Thomas Olney (c. 1600 – c. 1682) was an early settler in the English Colony of Rhode Island and Providence Plantations, where he served as a minister at the First Baptist Church, Providence, and was one of the first proprietors in colony.

==Family==
Olney was born in St. Albans, England, about 1600 and was trained as a shoemaker. He married Marie Ashton, the daughter of James and Alice Ashton, at St. Albans Abbey in Hertfordshire, England on September 16, 1629, and they had the following children: Thomas, Epenetus, Nabadiah, James, Mary, Discovered, and Lydia. His first 2 sons were baptized in St. Albans, England and the remainder were born in America. Austin's "The Genealogical Dictionary of Rhode Island" 1887, he refers to Thomas' wife as Mary Small. It is undetermined if he picked up an incorrect surname for his first wife, or if this was a second wife. No record for this marriage has been located at this point.

Olney's will was dated March 21, 1679/80 and proved October 17, 1682 in Providence, Rhode Island.

==Immigration to New England==
Olney and his family immigrated to Massachusetts on the ship Planter, having received their permit to emigrate in April 1635. They arrived in Boston, Massachusetts on 7 June 1635 and first settled in Salem, Massachusetts.

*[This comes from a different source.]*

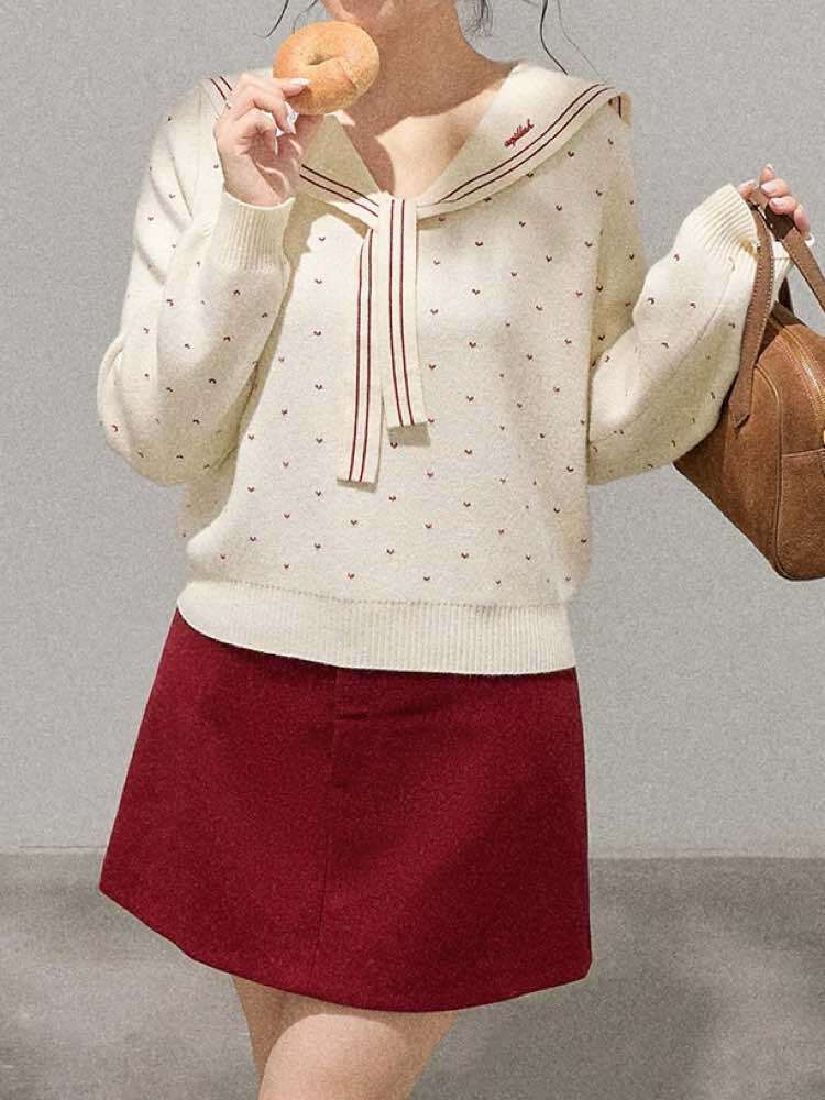 散りばめられた小さなハート柄ときめく♡主役級なニットトップスです。

They were asked to leave Massachusetts Bay Colony due to religious differences, and they moved to Providence in 1638 following Roger Williams. He signed the Providence agreement to form a government in 1640, and he was one of the original 12 persons to whom Roger Williams deeded land that he had purchased from Canonicus and Miantonomi on October 8, 1638. His wife Marie died between 1645 when her last child was born and 15 Aug 1659, when her husband Thomas refers to persons who might claim thirds in a piece of land he was selling.
== Political career ==
Olney served the town in various capacities including the first Treasurer, Court Assistant, Town Councilman, Clerk, Assistant to the General Court of Trials, Commissioner, Justice of the Peace, Town Moderator, Fence Viewer, juryman, tax collector and Commissioner to End Small Causes. He was on a sub-committee to prevent sale of ammunition to the Indians and numerous other committee's. He was named as one of the ten Assistants to the Governor in the Royal Charter of 1663, a document which served as the basis for Rhode Island's government for nearly two centuries.

==First Baptist Church==
Olney was one of the original members of the First Baptist Church in Providence, but he and several others withdrew from the Six-Principle Baptists under William Wickenden's leadership to found a second church in 1653/4. He served as lay pastor for this small congregation until his death in Providence between June 16 and October 9, 1682.